In 1764 she became rich when her father died and left her £3,000. Frances Burney commented on how keen she was to attract a man. She attracted the attention of a gambler named Gilbreath Mahon but because she was seventeen and she lacked her mother's approval they had to go abroad. She was pregnant in 1770 and her mother allowed the couple to wed as long as it was in Britain. They married on 14 December 1770 and their son, Robert Mahon, was born in the following January. Her mother cut off the money supply, her husband deserted her and she returned to live with her mother. When her mother died she left an income to her but she left the capital to her son.

By 1776 she was notorious for her love of clothes and the men she was being seen with. She was friends with others who were disreputable including Lord Cholmondeley and the courtesans Grace Elliott and Kitty Frederick. Although her mother had hoped that her relatives would care for her, they disowned her. Her adulteries were published in the Morning Post, she was said to be pregnant, and her husband was said to have received £500 to prevent him from naming her correspondents in court.

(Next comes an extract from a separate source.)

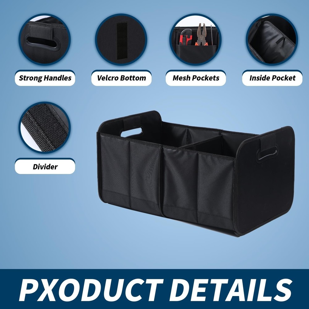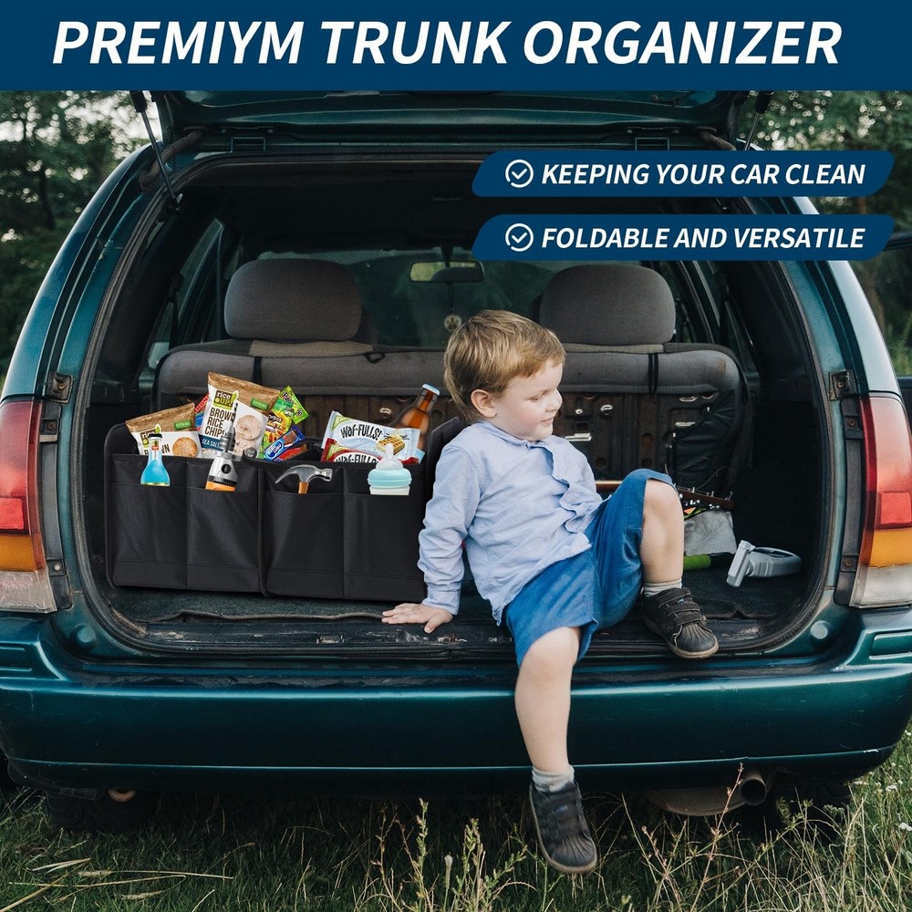 Trunk Organizer for Car - Premium Truck Organizer for Efficient Car Storage, Car Organizers and Storage Solution, Black Product Details Specific Uses For Product: Automobiles Material: Polyester Special Feature: Expandable, Abrasion Resistant, Foldable, Stain Resistant Color: Black Brand: KiauFdcf Product Dimensions: 23.6"D x 13.8"W x 11.79"H Number of Compartments: 3 Shape: Rectangular Capacity: 63 Liters Number of Items: 1 Specific Uses For Product: ‎Automobiles Material: ‎Polyester Special Feature: ‎Expandable, Abrasion Resistant, Foldable, Stain Resistant Color: ‎Black Brand: ‎KiauFdcf Product Dimensions: ‎23.6"D x 13.8"W x 11.79"H Number of Compartments: ‎3 Shape: ‎Rectangular Capacity: ‎63 Liters Number of Items: ‎1 Manufacturer: ‎KiauFdcf Part Number: ‎QCHESN Item Weight: ‎2.2 pounds Country of Origin: ‎China Item model number: ‎QCHESN Item Package Quantity: ‎1 Special Features: ‎Expandable, Abrasion Resistant, Foldable, Stain Resistant Included Components: ‎trunk organizer for car Batteries Required?: ‎No Date First Available: September 25, 2024 TRUNK ORGANIZER FOR SEDANS: Made of high quality Oxford polyester fabric to ensure extreme durability. In order to cope with the most abrasive parts, we have specially designed reinforced stitching to enhance the solidity of the overall structure. Whether it's for everyday use or heavy-duty loads, this organizer can handle it with ease and remains in good condition through many uses, making it an ideal choice for your car storage Collapsible Multi-Compartment Car Organizers: Designed with 3 compartments and removable dividers on the sidewalls, you can adjust the size according to your needs and flexibly adapt to different spaces in the car. It can be easily unfolded when in use and folded up when not in use to save storage space. It is also equipped with 5 extra pockets for quick access to items, making your car storage more efficient and convenient Car Trunk Organizer: Uniquely designed, it is equipped with a reinforced carrying handle to protect your hands and make it easy to move around. The bottom is equipped with anti-slip strips to ensure that the items remain stable and prevent sliding or spilling during driving, providing extra safety for your trip CAR TRUNK ORGANIZER:The best solution to keep your car neat and tidy for all types of vehicles, including trucks, SUVs, vans, jeeps and cars. It is perfect for carrying and organizing groceries, toys, sports equipment and tools, etc. It can effectively solve the problem of trunk clutter and make your trip easier and more organized SUV TRUNK ORGANIZER:Waterproof and abrasion-resistant design, equipped with a sturdy three-layer waterproof reinforced base plate, ensures that it stays dry and tidy in a variety of environments. Simple to install and very easy to clean, it perfectly adapts to your car trunk needs, allowing you to use it with confidence no matter what the weather conditions are.

In 1781 an engraving of her and George Bodens with the title "The Bird of Paradise and Colonel Witwou'd" and another print satirising her hats and dress were published. She was nicknamed the "Bird of Paradise" because of her brightly coloured and outrageous clothes.

Mahon appeared on the stage and despite the plays being successful her performance was considered poor. She did continue to gather interest from the public for her clothes and in particular her hats.

She was heard of in 1808 but where and when she died is unknown.